Control of accuracy on Taylor-collocation method to solve the weakly regular Volterra integral equations of the first kind by using the CESTAC method

TL;DR

This paper introduces a stochastic arithmetic approach using the CESTAC method to enhance the accuracy control of the Taylor-collocation method for solving weakly regular Volterra integral equations of the first kind, replacing traditional error measures.

Contribution

It develops a new accuracy control technique based on stochastic arithmetic and proves a convergence theorem for the Taylor-collocation method using CESTAC, with practical numerical examples.

Findings

The CESTAC method effectively controls accuracy in the Taylor-collocation method.

The new termination criterion improves convergence assessment.

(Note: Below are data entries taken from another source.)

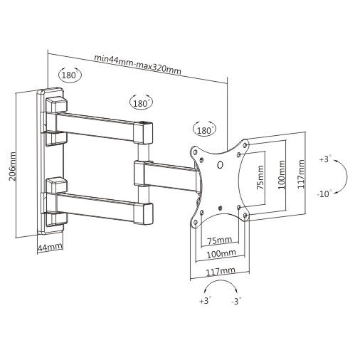 Supporto staffa 2 bracci per TV LCD LED 24 26 28 32 pollici
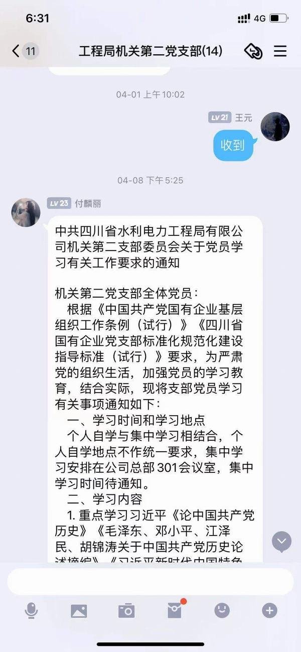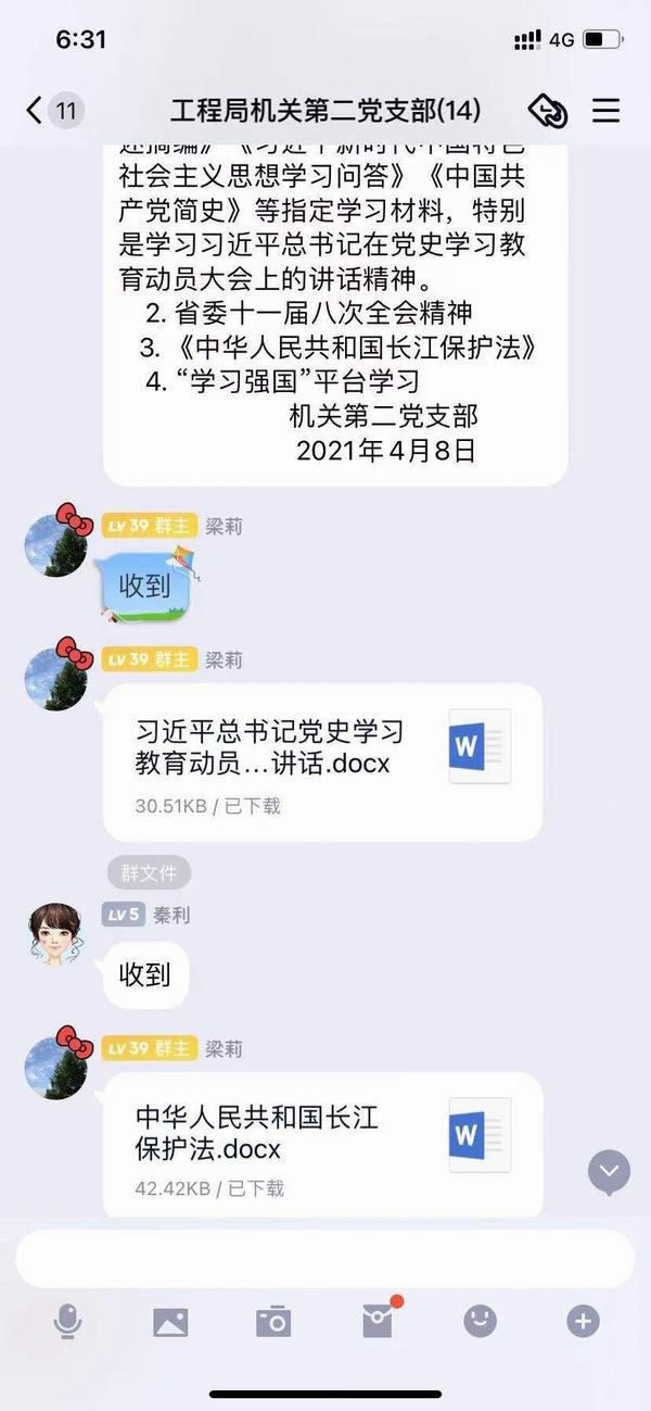 機(jī)關(guān)第二黨支部利用支部QQ群對(duì)黨史學(xué)習(xí)教育作出要求(2021.04.08)
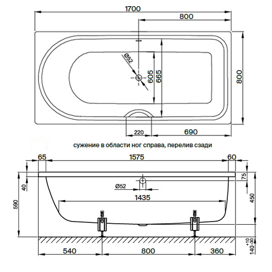 - Диаметр слива, см 5.2
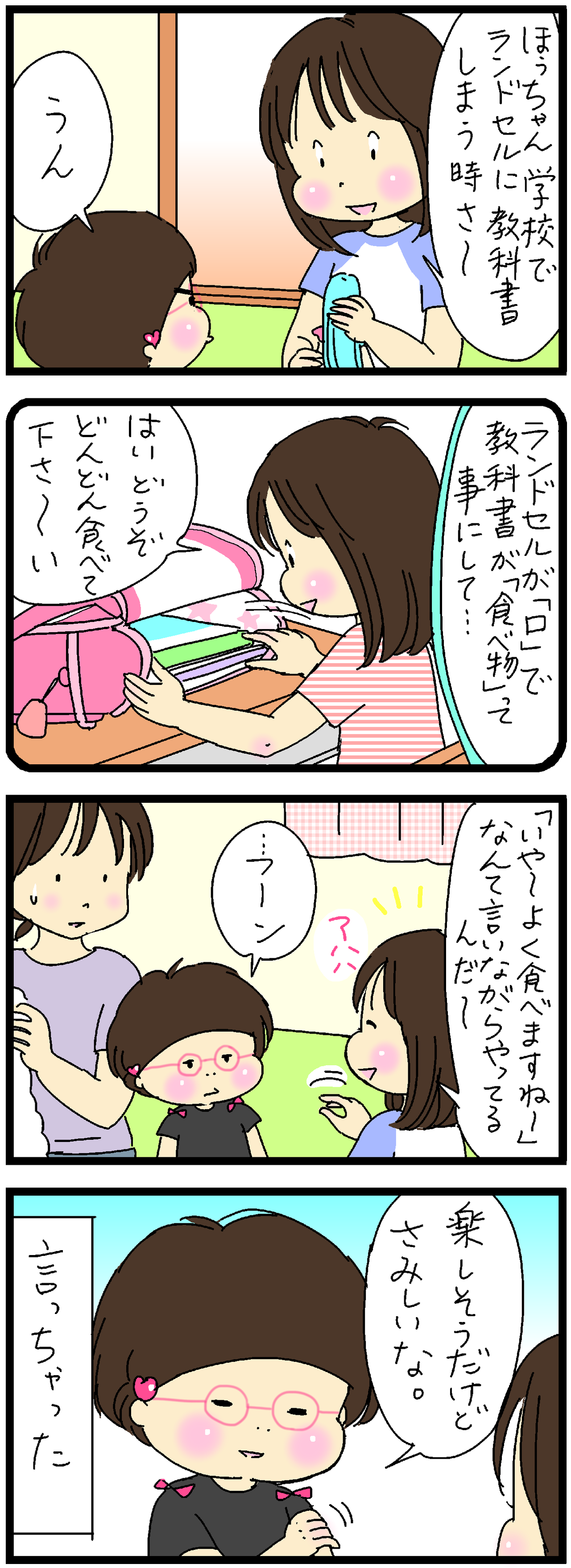 妹の正直すぎる感想 2018年09月09日 来てくださってありがとうございますはじめましての方はこちらから→登場人物紹介長女曰く「なんにもしないよりいいじゃん!」だそうです…↓更新のお知らせが届きます^^↓よろしければ応援クリックお願いします!人気ブログランキング 「姉妹」カテゴリの最新記事 タグ :4コマ漫画絵日記ランドセル < 前の記事次の記事 > コメント コメント一覧 1. 絵壁千花 2018年09月09日 11:24 率直に悲しい現実………! 私も低学年の時そんなような事やっていたのでびくった((((;゚Д゚))))))) いやほんとゆーちゃんおもしろいです 2. なまえがなしこ 2018年09月09日 13:24 辛辣!笑 3. キムさん 2018年09月09日 17:43 ほうちゃんのひとり言かわいいですねー。 私はそういうの出来ない性格の子供だったのですごく羨ましいですね。そのまま変わらないでほしい。 コメントフォーム 名前 コメント 評価する リセット リセット 顔 星 投稿する 情報を記憶
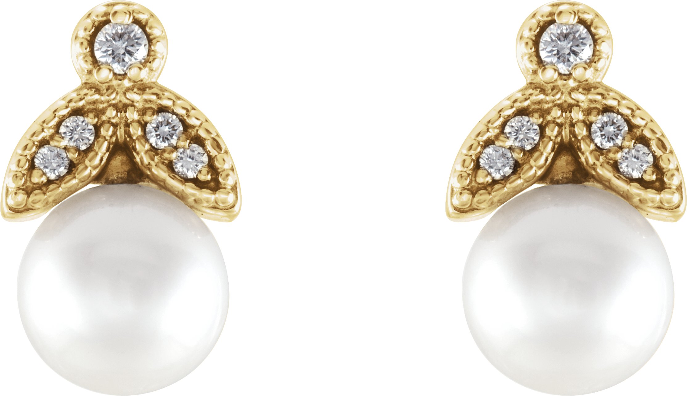 14K Yellow Freshwater Pearl & .06 CTW Diamond Earrings
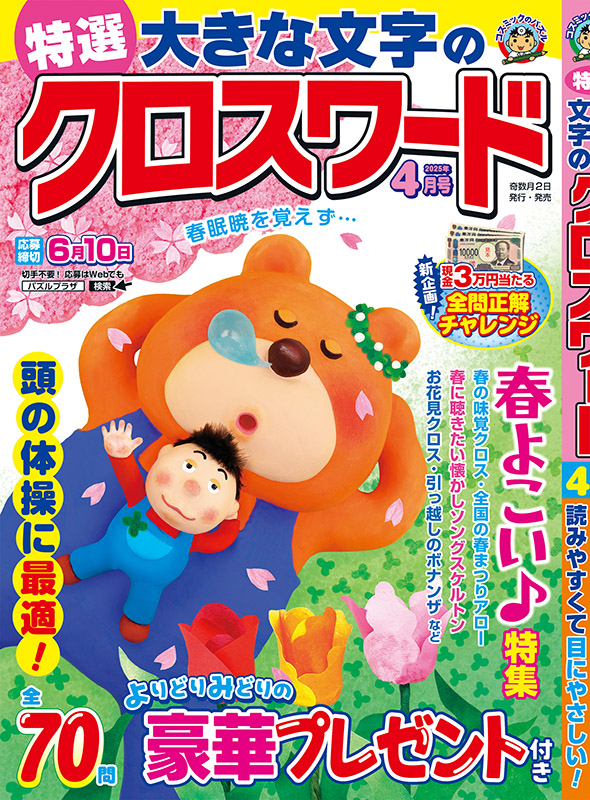今号は「春よこい♪」特集春の味覚クロス、全国の春まつりアロー、春に聴きたい懐かしソングスケルトンなど楽しい問題がたっぷり♪
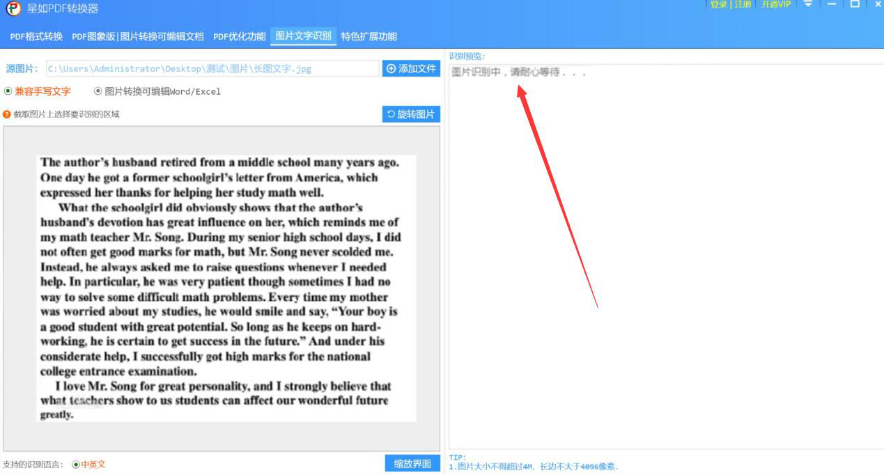 4、此时,在界面右侧的识别预览窗口中,我们可以看到星如PDF转换器正在识别图片上的文字。
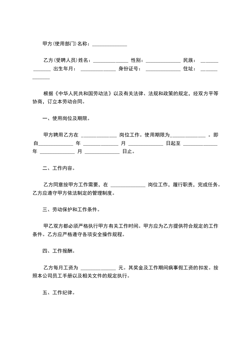 甲方聘用乙方在 ______________ 岗位工作。使用期限为______________ 。即自______________ 年 ______________ 月 ______________ 日起至 ______________ 年 ______________ 月 ______________ 日止。
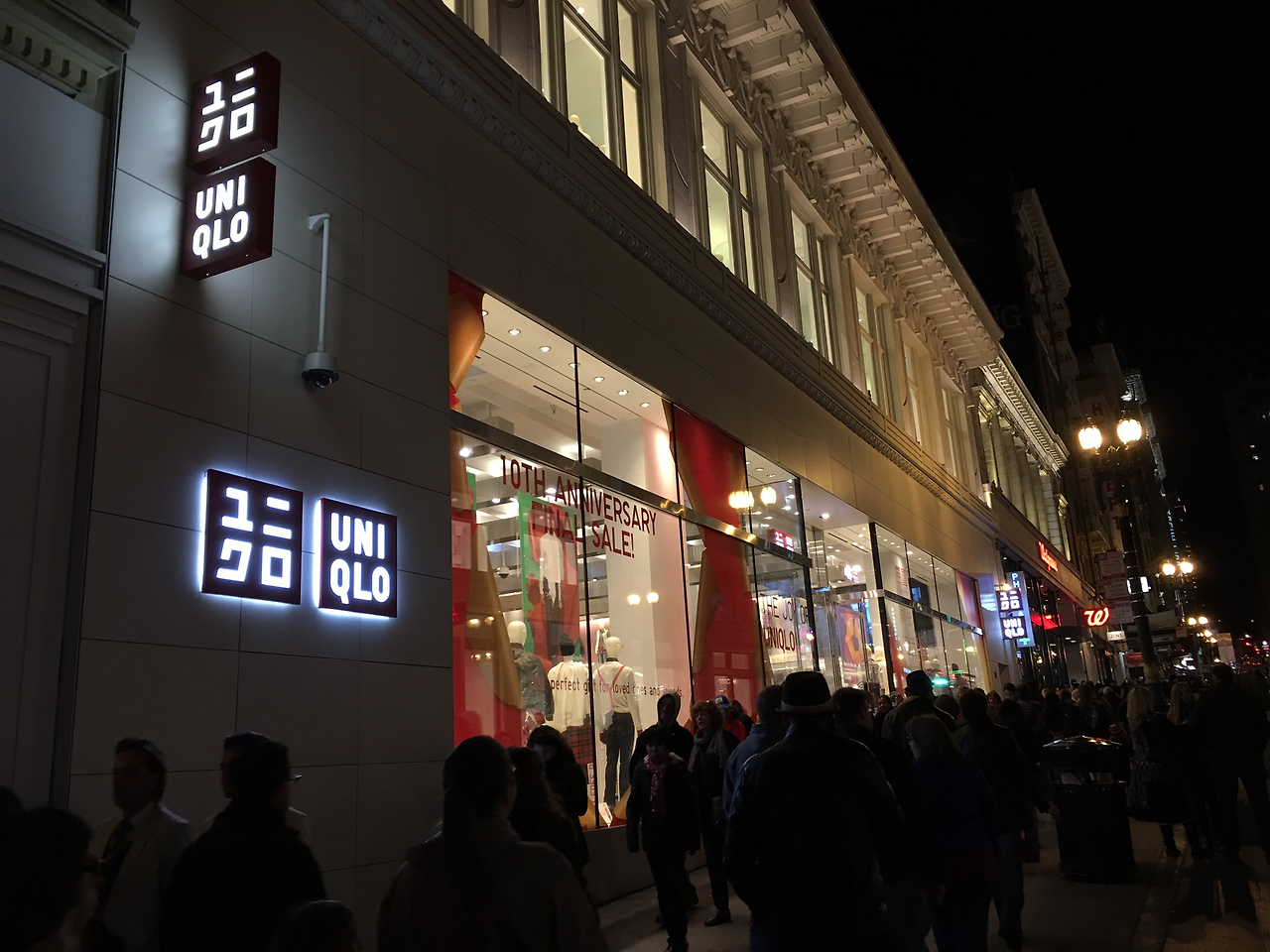 그래서 저 앞에 보이는 유니클로에 들어가 후드를 하나 샀다.
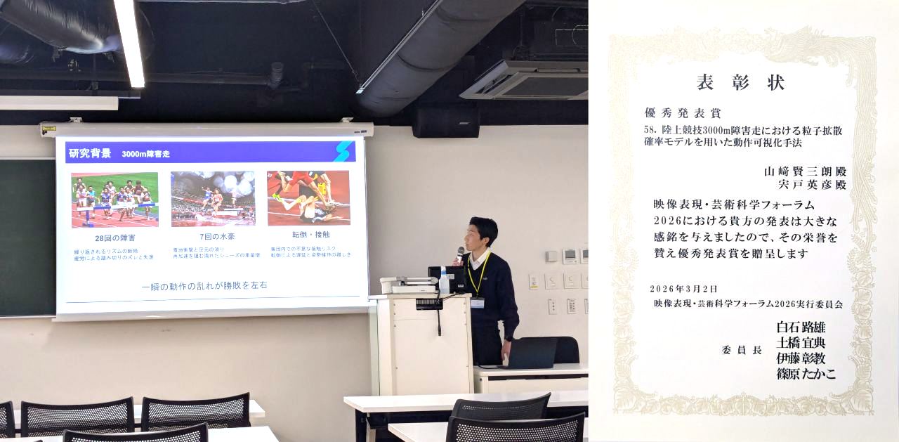 理工学研究科・山﨑賢三朗さんが「映像表現・芸術科学フォーラム2026」で優秀発表賞を受賞!
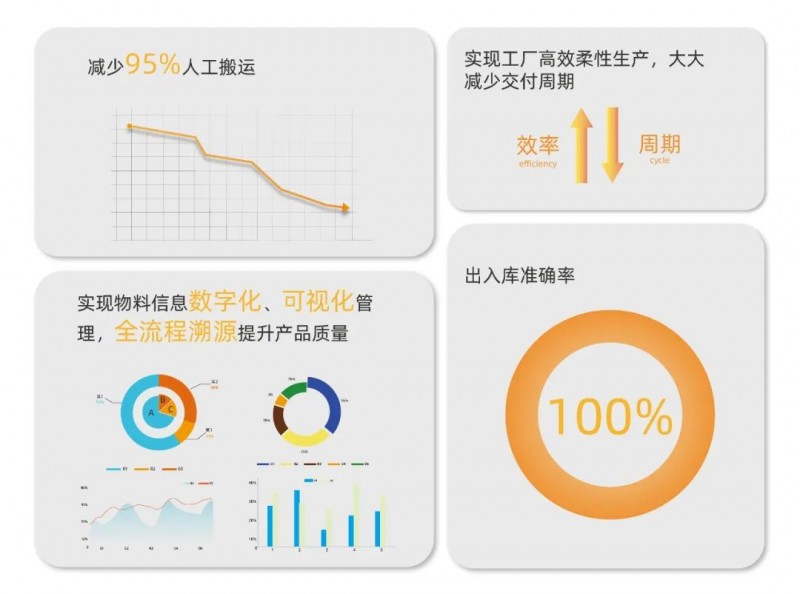 方案实现了对仓储信息和产线订单的全流程数字化管理,提高了信息的准确性和配送的及时性;物料信息全流程可追溯,大大提高了产品质量管理效率。
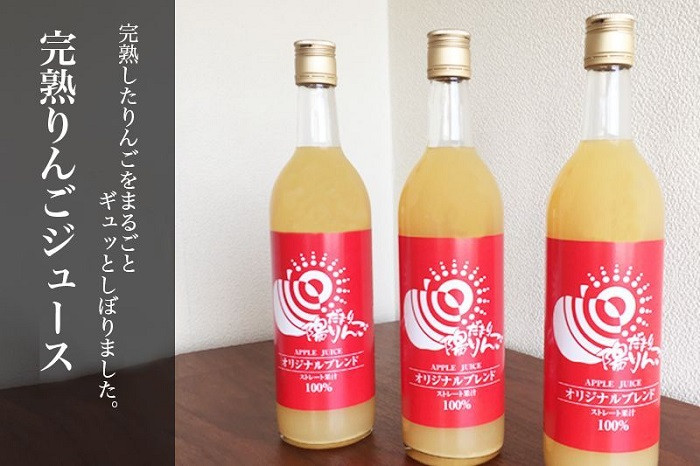 完熟したもぎ実りんごを当農園独自の比率でブレンドしたスッキリとした甘さに仕上げた、通年、飲み飽きないジュースです。
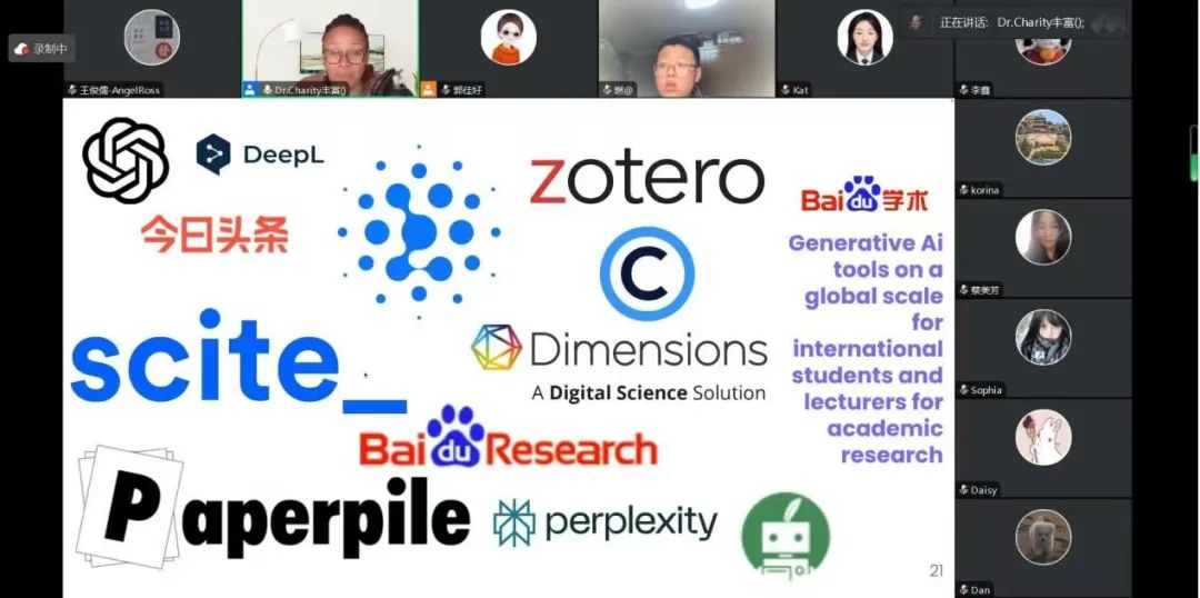 在讲座的准备阶段,Campbell博士与大家热情互动,调动同学情绪,确保大家能及时进入状态。讲座开始后,Campbell博士带领同学们探讨了AI在研究、写作和学习中的有效应用。在这之后,她强调了同学们应学习如何平衡AI的使用与伦理原则以及如何检测和避免AI驱动的来袭,让AI成为帮助大家学习语言的有力工具。讲座尾声,Campbell博士向同学们生动地演示了如何将AI技术融入课堂教学,并带领同学们一起体验了当下流行的AI工具。
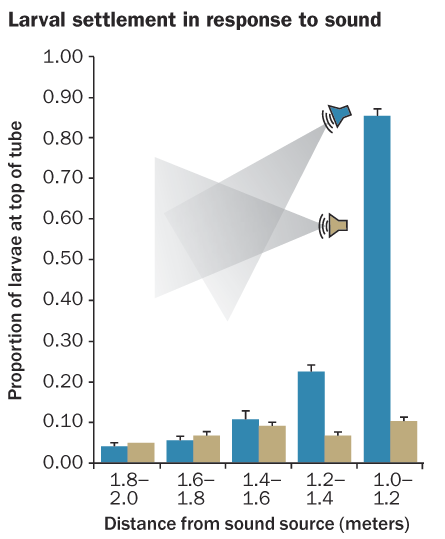Each tube was positioned at a different angle relative to possible environmental cues such as water currents and the reef itself. Regardless of the orientation, though, the majority of larvae crowded into the end near the sound. In a tougher test, the researchers repeated the experiment with speakers raised above the tubes of larvae. Even though tiny corals normally sink downward to settle, the majority of larvae in tubes reversed the normal preference and clustered on the tube’s ceiling. Sound appears to be an overlooked cue for determining where corals settle, Simpson and his colleagues report.

Numerical results demonstrate the method's efficiency and accuracy.

Abstract

Finding the optimal parameters and functions of iterative methods is among the main problems of the Numerical Analysis. For this aim, a technique of the stochastic arithmetic (SA) is used to control of accuracy on Taylor-collocation method for solving first kind weakly regular integral equations (IEs). Thus, the CESTAC (Controle et Estimation Stochastique des Arrondis de Calculs) method is applied and instead of usual mathematical softwares the CADNA (Control of Accuracy and Debugging for Numerical Applications) library is used. Also, the convergence theorem of presented method is illustrated. In order to apply the CESTAC method we will prove a theorem that it will be our licence to use the new termination criterion instead of traditional absolute error. By using this theorem we can show that number of common significant digits (NCSDs) between two successive approximations are almost equal to NCSDs between exact and numerical solution. Finally, some examples are solved by using the Taylor-collocation method based on the CESTAC method. Several tables of numerical solutions based on the both arithmetics are presented. Comparison between number of iterations are demonstrated by using the floating point arithmetic (FPA) for different values of $\varepsilon$.